After years of saying "yes" as often as we could, we realized that our participation was directed by whoever happened to call. Our charitable motivation for making gifts was sometimes adulterated by the advertising benefit we knew we would receive because the pizzas we gave away were "Pagliacci" pizzas. Our donated pizza usually went not to needy people but to volunteers or contributors, which made us, at best, cheerleaders for the good work of others. The generally correct observation that "other businesses do the same thing" is scant solace to a company that aspires to be the best and suffers from introspection.

Out of that discomfort, Pagliacci Pizza sought a new way. We concluded that Pagliacci Pizza needs its community participation to be significant, to directly impact needy people and to be truly charitable, without advertising inducement.
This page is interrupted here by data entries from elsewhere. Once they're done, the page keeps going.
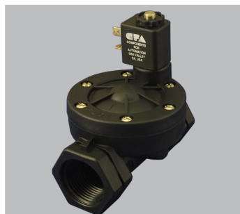
DRINKING WATER | LEAD FREE | NSF 61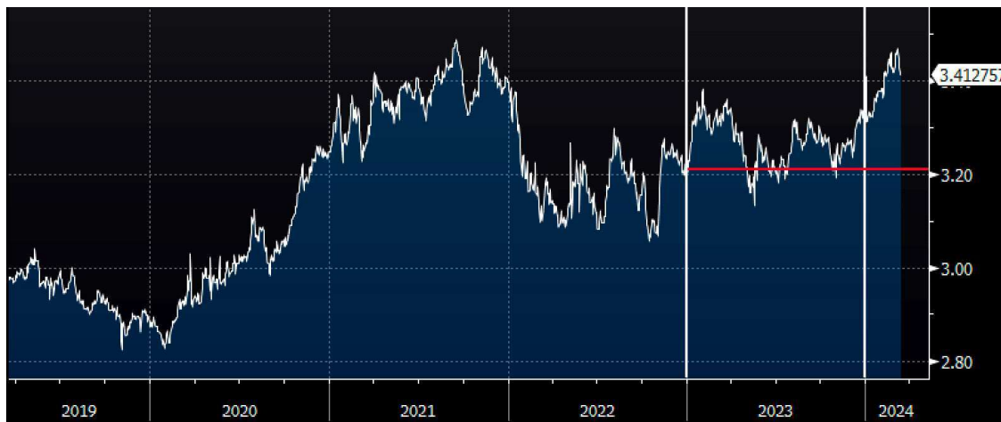
Fig. 2 – BlueBox Global Technology Fund S class vs S&P Global BMI IT Index NTR

In my view, mega-caps dominated performance because the rebound in tech was driven not by institutional money (I am not aware of any professional investors who made significant increases in their tech allocation in 2023 – not one has claimed to have done so, out of the hundreds I have spoken to), but by US retail investors, for whom GenAI is the perfect story. Those individuals move fast and buy what they know, thus favouring the biggest names.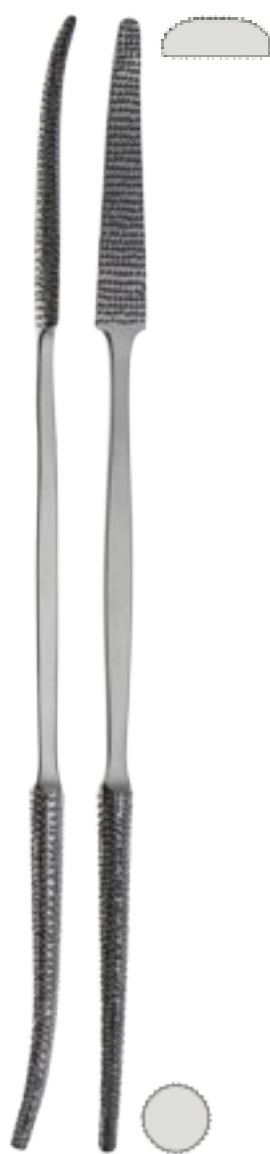
Putti KA.501.30 30,0cm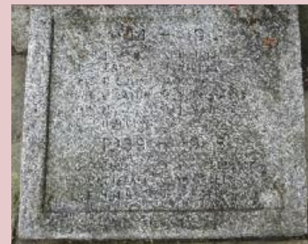
Simpson war memorial – before

To do that, Pagliacci Pizza concentrated on a transitional housing project which provides housing, training and counseling to needy people who are hard at work to complete their personal transition to becoming independent and self-reliant members of society. In 1995, Pagliacci Pizza purchased a nasty motel that had been problematic for society and teamed with Urban Pipeline to commit it to transitional housing. Our financial commitment to this project is large and long-term - it's like taking on a mortgage. We like the priority that gives to our community involvement. We also like that our community involvement has no advertising value.
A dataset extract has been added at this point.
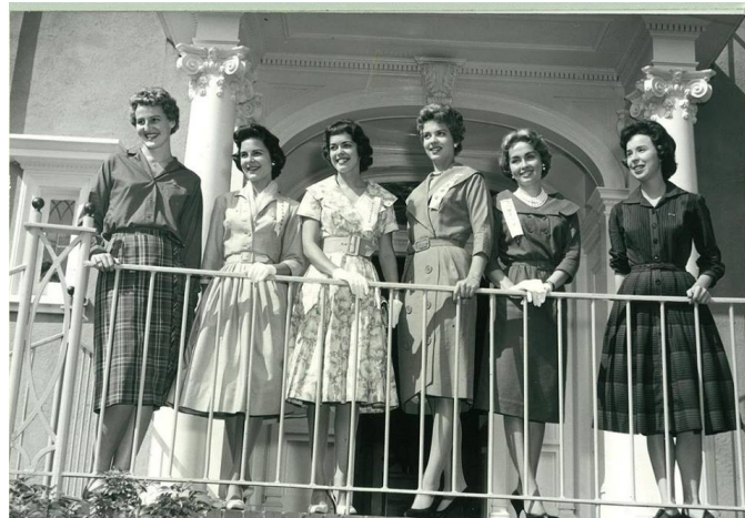
Kappa Kappa Gamma Sorority women standing outside their house in the 1950s 12

To discuss the Panhellenic community without acknowledging its long history of exclusion would be incomplete. Early sorority life at Cal was characterized by a lack of inclusivity and diversity. From their founding in the 19th century all the way to the 1960s, sororities were very exclusive spaces. Today, the Greek community has certainly come a long way from its elitist and predominantly white population and its historic exclusion of women of color and working-class backgrounds. 13 Over the years, many of Berkeley's Panhellenic chapters have fought to expand inclusion, even going so far as to directly oppose their national or local affiliation's policies. Even so, today the Greek community still remains often at the center of controversy for exclusivity and elitism.

We do this in lieu of donating pizzas, which means we say "no" to a lot of people to whom we used to say "yes". Most organizations respect our decision (a few have even offered us donations) and we can still cheer their good works.

 

 

 
Valley House

Pagliacci Pizza purchased Seattle's 18-unit Civic Center Motel where it operates a home delivery store and where The Urban Pipeline operates transitional housing units. The Urban Pipeline is a nonprofit affiliate of the City Foursquare Church, which is across the street from the Civic Center Motel.

The transitional housing is for people who have jobs but who are not fully prepared for success on their own. In the meeting rooms of the former motel, residents receive training in life skills, training in job market skills and personal counseling. As part of their life skills training, residents are taught to discipline themselves to pay rent. Rents are less than half of market rents. The rent subsidy comes entirely from Pagliacci Pizza and The Urban Pipeline, without any government funding. Residents may stay for as long as a year. The goal is that when they leave they will be successful job holders with good references and they will have saved enough to get an apartment.

The Civic Center Motel was reportedly Seattle's oldest motel building and one of the first motels in the country. It had fallen on hard times and been closed by Seattle police as a public nuisance because of prostitution and drugs. Seattle City Councilwoman Margaret Pageler said "it's wonderful that this can now be converted to a business that really has a productive role to play in the community." A spokesperson for the business said "Pagliacci Pizza is proud that the property will be used to directly benefit the people who were victims of the illegal activity that once flourished there."

Dorene Centioli-McTigue, the founder of Pagliacci Pizza, said "Giving away pizzas to charities is nice, but it's not the same as feeding the hungry. Pagliacci Pizza wants to do something that is more substantive and more direct. The Civic Center Motel project does that. We'll be making a big difference in the lives of real people and the entire community will benefit from their success."

The total project was expected to cost about $750,000, considerably more than what Pagliacci Pizza normally would spend to open an outlet. Dorene Centioli-McTigue, the founder of Pagliacci Pizza, said the long-term financial commitment to the project is a positive force for the company because it raises community involvement to the importance it deserves. "Too often companies, Pagliacci included, have thought of community involvement as a mere afterthought or, worse, as a form of advertising. This project helps discipline us to put community involvement on a par with paying the mortgage. I like that."